# .45 handgun suggestions



## mr.goodkat (Feb 19, 2010)

i've been kicking around the idea of buying a 1911, but i had never shot one till this weekend and i was able to shoot four different ones: smith and wesson, springfield gi and operator series, and a kimber custom target. and after shooting them i guess im not a 1911 guy, even though i love the look of them. they just didnt seem to do much to impress me. i still want to get a .45 full size though (target and maybe for ccw.) im currently looking at a usp, xd tactical, ruger p345, and possibly a glock 21sf. im also open to suggestions for any other brands too (no sigs though.) id like to stay under $900. my criteria for purchase is ease of maintenance, accuracy, reliability and over all quality. i havent done much research on .45's yet so any insight would be great.


----------



## Sully2 (Mar 9, 2010)

Kimber Custom Target II


----------



## VAMarine (Dec 25, 2008)

> i've been kicking around the idea of buying a 1911, but i had never shot one till this weekend and i was able to shoot four different ones: smith and wesson, springfield gi and operator series, and a kimber custom target. and after shooting them i guess im not a 1911 guy, even though i love the look of them. they just didnt seem to do much to impress me. i still want to get a .45 full size though (target and maybe for ccw.) im currently looking at a usp, xd tactical, ruger p345, and possibly a glock 21sf. im also open to suggestions for any other brands too (no sigs though.) id like to stay under $900. my criteria for purchase is ease of maintenance, accuracy, reliability and over all quality. i havent done much research on .45's yet so any insight would be great.


The XD Tac is a litttle on the large side for carry IMHO, but not a bad choice as far as .45s go I suppose. The requirement of "No Sigs" is a little disappointing as the Sig 220 is one of the finest .45s available, and the Sig 250 in .45 is an interesting concept. I guess the only thing else you're missing is an offering from FN, Kahr, maybe a S&W M&P, Stoeger is came out with a Cougar in .45 this year as well.

I'm thinking the FNP-45 and M&P45 might rate a looking over, most of what you listed was double stack and polymer so that kind of tells me which direction you're looking to go.

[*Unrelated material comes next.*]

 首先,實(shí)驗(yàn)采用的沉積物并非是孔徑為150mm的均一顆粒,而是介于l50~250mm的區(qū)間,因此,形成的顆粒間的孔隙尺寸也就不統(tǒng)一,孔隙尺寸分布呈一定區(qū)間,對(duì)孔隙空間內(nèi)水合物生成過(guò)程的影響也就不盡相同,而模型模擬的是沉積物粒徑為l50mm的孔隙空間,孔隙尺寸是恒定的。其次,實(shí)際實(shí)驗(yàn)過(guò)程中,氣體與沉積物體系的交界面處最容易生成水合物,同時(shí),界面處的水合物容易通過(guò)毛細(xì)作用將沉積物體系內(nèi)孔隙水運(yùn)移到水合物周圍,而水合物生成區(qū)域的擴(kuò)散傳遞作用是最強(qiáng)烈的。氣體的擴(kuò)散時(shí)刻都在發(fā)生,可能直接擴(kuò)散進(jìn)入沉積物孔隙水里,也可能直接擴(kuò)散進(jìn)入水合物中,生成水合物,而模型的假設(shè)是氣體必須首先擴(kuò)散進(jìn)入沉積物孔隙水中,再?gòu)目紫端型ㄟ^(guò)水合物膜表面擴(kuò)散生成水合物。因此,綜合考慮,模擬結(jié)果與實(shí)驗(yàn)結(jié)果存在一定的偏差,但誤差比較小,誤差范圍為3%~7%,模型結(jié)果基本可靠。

Of them all (my listings and yours) I'd probably focus on the G21SF and M&P, HK mags get pricey, I'm not fond of Rugers, they just feel on the blocky side although have a decent reputation and I think the XD Tactical is too damn big.

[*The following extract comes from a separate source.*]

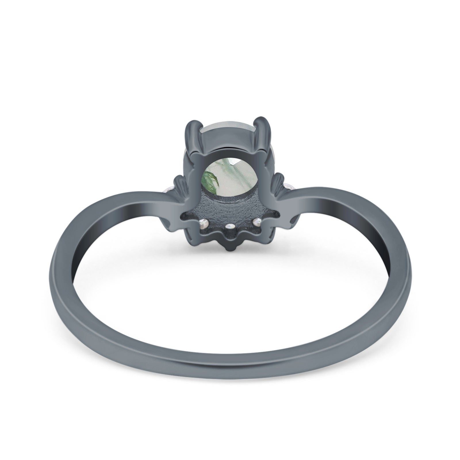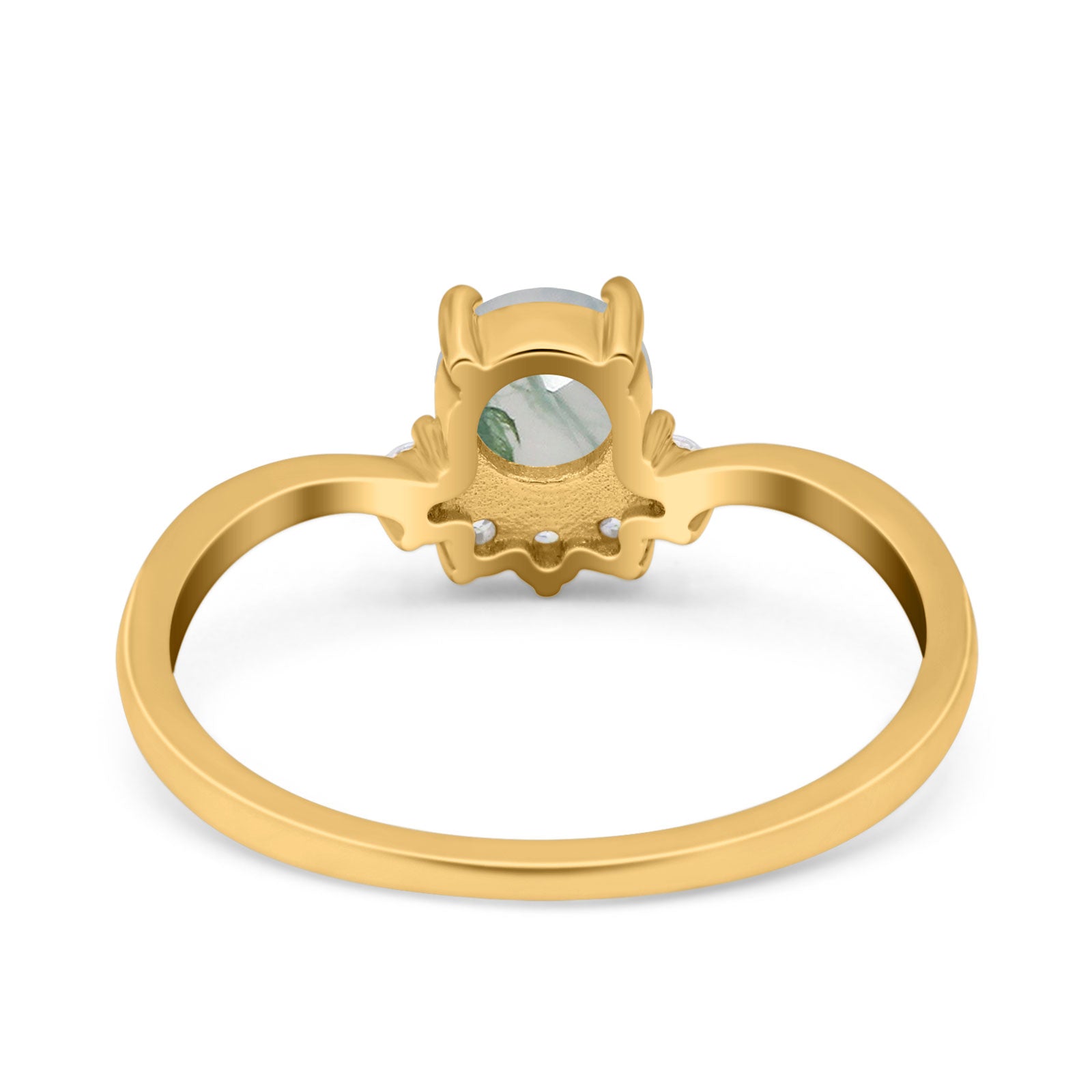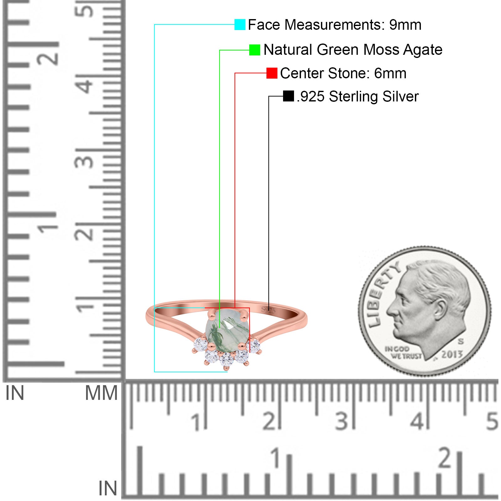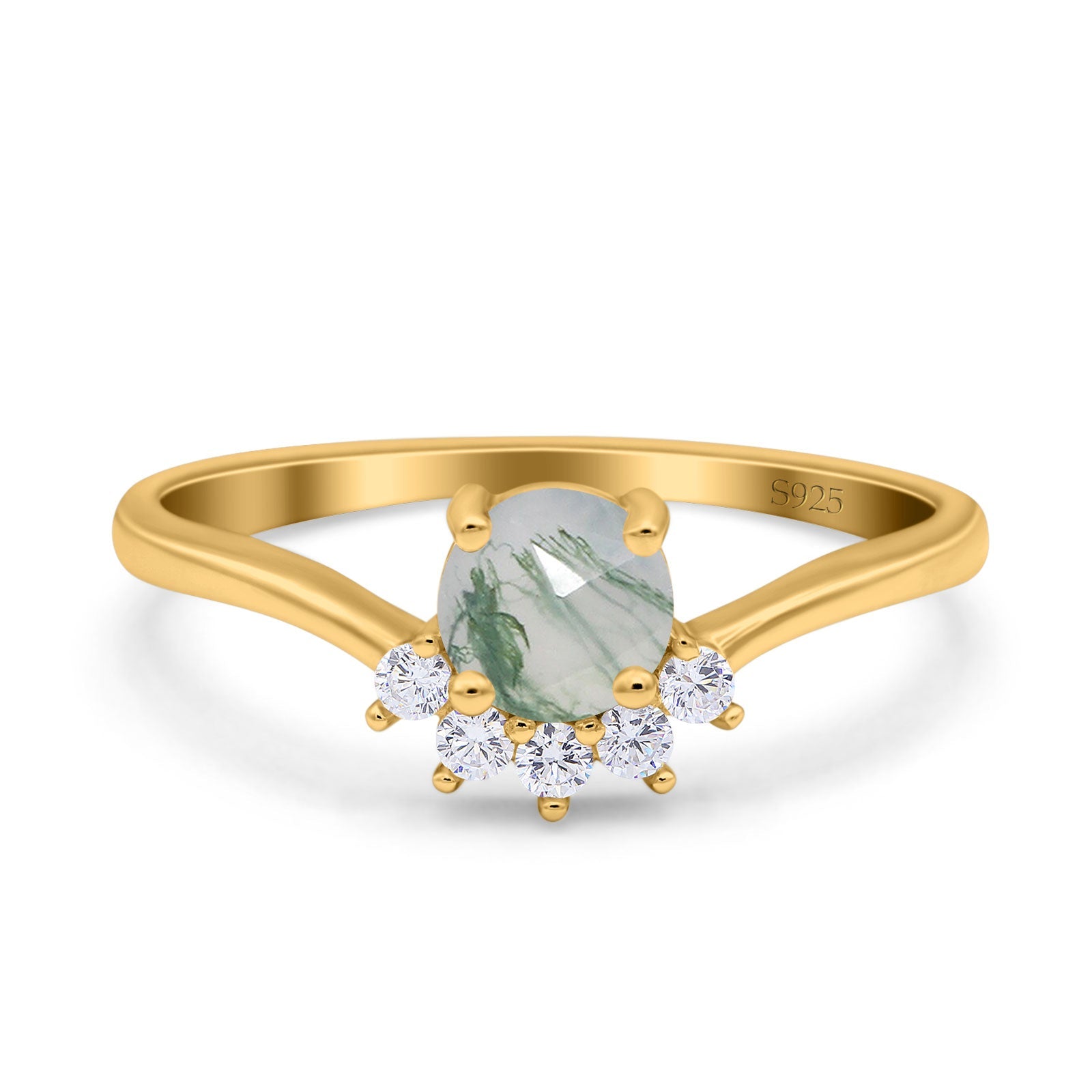 Art Deco Round Natural Green Moss Agate Cluster CZ Ring 925 Sterling Silver

While I'm a single stack 1911 man, if I were to go the hi-cap .45 route again I'd probably go with the G21SF just due to the rep, reliability, parts availability, and easy maintenance.


----------



## mr.goodkat (Feb 19, 2010)

i own an m&p9 and glock 17 so im familiar with both, but i will say that i looked at an m&p45 and didnt care for it much. the medium back strap was a little small and the large one felt like i was holding a beer can, which is odd because i have the large on my m&p9. i know .45 larger than a 9mm but it surprised me how much of a difference it made in the grip. and good call on the FN. forgot to even look at one of those


----------



## hideit (Oct 3, 2007)

rock island 45acp for ~$450 or less


----------



## TOF (Sep 7, 2006)

Don't overlook the M&P 45's available in 4 inch or 4.5 inch plus a compact version.
I carry a M&P45 and am very pleased with it.

tumbleweed


----------



## oldnbald (Apr 12, 2010)

> rock island 45acp for ~$450 or less


+ 1 for me!


----------



## llorence_ohio (Mar 29, 2010)

I've got two S&W M&P 45's, one full sized and one compact. I carry the compact and love it. It took a little time to get comfortable with it, but after carrying for a while in an IWB holster, I really like it. It's a great gun, shoots accurately, and I don't recall ever having any problems with it (over 1,000 rounds at the range).


----------



## dondavis3 (Aug 2, 2009)

I suggest you look at the Beretta PX4 in .45 cal.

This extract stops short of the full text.